Concurrent programming with CUDA. Part 3: Fundamental GPU algorithms: convolution (reduce), scan (scan) and histogram (histogram)

Content

Part 1: Introduction.
Part 2: GPU hardware and parallel communication patterns.
Part 3: GPU fundamental algorithms: convolution (reduce), scan (scan) and histogram (histogram).
Part 4: Fundamental GPU algorithms: compaction (compact), segmented scan (segmented scan), sorting. Practical application of some algorithms.
Part 5: Optimization of GPU programs.
Part 6: Examples of parallelization of sequential algorithms.
Part 7: Additional Parallel Programming Topics, Dynamic Concurrency.

Disclaimer

This part is mainly theoretical, and most likely you will not need to practice - all of these algorithms have long been implemented in many libraries.

The number of steps (steps) vs the number of operations (work)

Many readers of Habr are probably familiar with the notation of a large O , used to estimate the running time of the algorithms. For example, they say that the running time of the merge sorting algorithm can be estimated as O (n * log (n)) . Actually, this is not entirely correct: it would be more correct to say that the running time of this algorithm using a single processor or the total number of operations can be estimated as O (n * log (n)) . For clarification, consider the algorithm execution tree:

So, we start with an unsorted array of n elements. Next, 2 recursive calls are made to sort the left and right half of the array, and then merge the sorted halves, which is done in O (n) operations. Recursive calls will be executed until the size of the sorted part becomes 1 - the array of one element is always sorted. This means that the tree height is O (log (n)) and at each level O (n) operations are performed (at the 2nd level - 2 merges in O (n / 2) , on the 3rd - 4 merges in O ( n / 4) , etc.). Total - O (n * log (n)) operations. If we have only one processor (a processor is some abstract handler, not a CPU), then this is also an estimate of the execution time of the algorithm. However, suppose that we could somehow perform a merge in parallel with several handlers - at best, we would divide O (n) operations at each level so that each handler performs a constant number of operations - then each level will be executed in O ( 1) time, and the estimate of the execution time of the entire algorithm becomes O (log (n)) !
In simple terms, the number of steps will be equal to the height of the algorithm execution tree (provided that operations of the same level can be performed independently of each other - therefore, in standard form, the number of steps of the merge sort algorithm is not equal to O (log (n)) - operations of one level are not independent), well, the number of operations - the number of operations :) Thus, when programming on the GPU, it makes sense to use algorithms with fewer steps, sometimes even by increasing the total number of operations.
Next, we consider different implementations of 3 fundamental algorithms for parallel programming and analyze them in terms of the number of steps and operations.

Convolution (reduce)

The convolution operation is performed on a certain array of elements and is determined by the convolution operator.
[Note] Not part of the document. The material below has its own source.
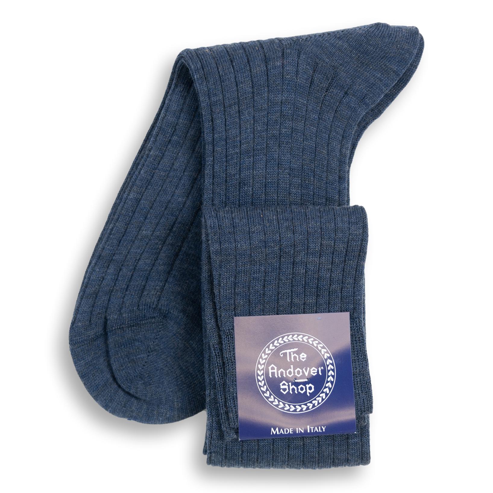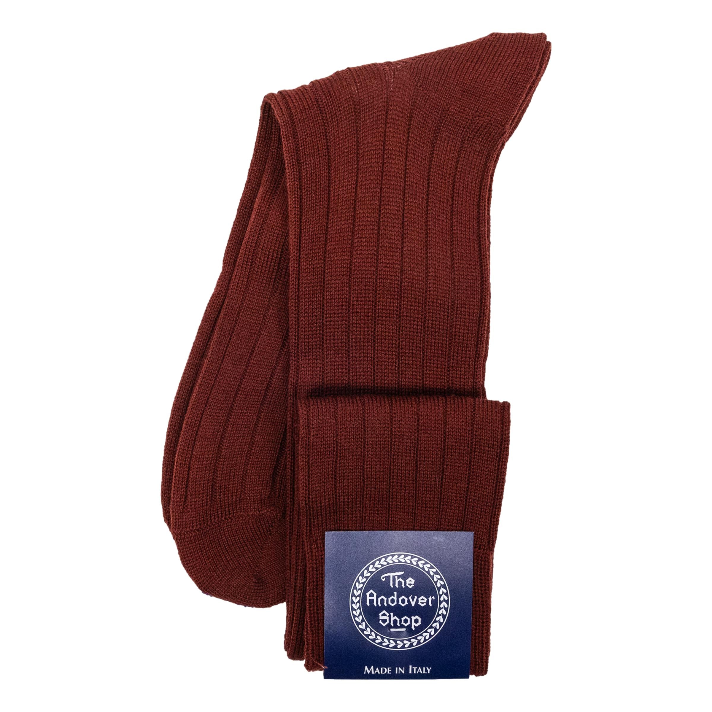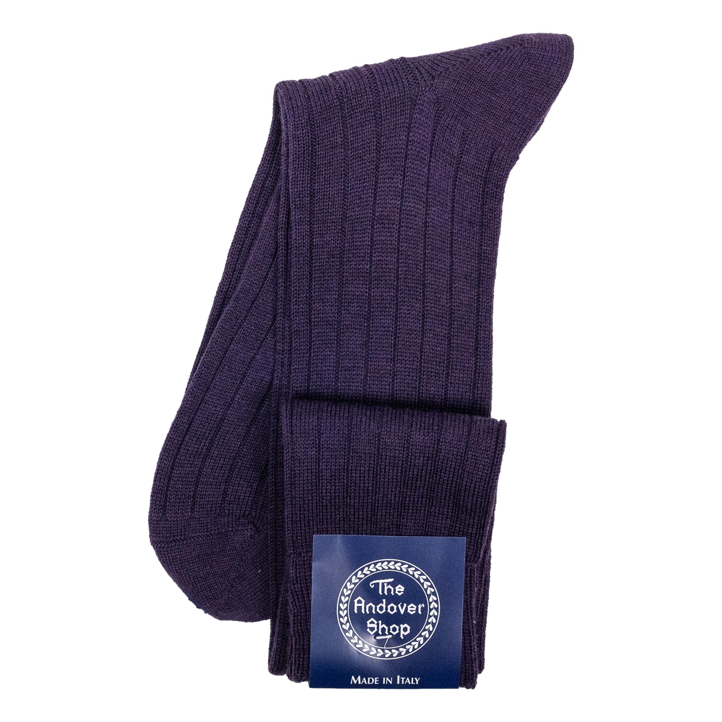 This over the calf wool dress sock can be worn on any occasion, casual or formal, and is a quintessential staple for any gentleman who enjoys spicing up his wardrobe. Made from fine wool in Italy for The Andover Shop. One size fits most. Most colors are 90% wool and 10% nylon.

The convolution operator must be binary and associative — that is, take 2 elements as input and satisfy the equality a * (b * c) = (a * b) * c , where * is the operator's symbol (not to be confused with the commutative property a * b = b * a ). The convolution operation on an array of elements a ₁ , ..., a _n is defined as (... ((a ₁ * a ₂ ) * a ₃ ) ... * a _n ) . The execution tree of the sequential algorithm for the implementation of the convolution operation has the following form:

Obviously, for this algorithm, the number of operations is equal to the number of steps and is equal to n-1 = O (n) .
To “parallelize” the algorithm, it suffices to take into account the property of associativity of the convolution operator, and rearrange the parentheses in places: (... ((a ₁ * a ₂ ) * a ₃ ) ... * a _n ) = (a ₁ * a ₂ ) * ( a ₃ * a ₄ ) * ... * (a _n-1 * a _n ) . That is, we can in parallel calculate the values (a ₁ * a ₂ ) , (a ₃ * a ₄ ) and so on, and then perform a convolution operation on the resulting values. Execution tree for such an algorithm:

The number of steps is now equal to O (log (n)) , the number of operations is O (n) , which is good news — using a simple permutation of the parentheses, we obtained an algorithm with a significantly smaller number of steps, while the number of operations remained the same!
')

Scan

The scan operation is also performed on the array of elements, but is determined by the scan operator and the identity element . The scan operator must meet the same requirements as the convolution operator; the unit element must have the property I * a = a , where I is the unit element, * is the scan operator, and a is any other element. For example, for the addition operator, the unit element is 0, for the multiplication operator, 1. The result of applying the scan operation to the array of elements a ₁ , ..., a _n is an array of the same dimension n . There are two types of scanning operations:

Inclusive scanning - the result is calculated as: [reduce ([a ₁ ]), reduce ([a ₁ , a ₂ ]), ..., reduce ([a ₁ , ..., a _n ])) - in place i th input element in the output array will be the result of applying the convolution operation of all previous elements including the i- th element itself .
Exclusive scanning - the result is calculated as: [I, reduce ([a ₁ ]), ..., reduce ([a ₁ , ..., a _n-1 ])] - in place of the i -th input element in the output array there will be the result of applying the convolution operation of all previous elements excluding the i- th element itself - therefore the first element of the output array will be a single element.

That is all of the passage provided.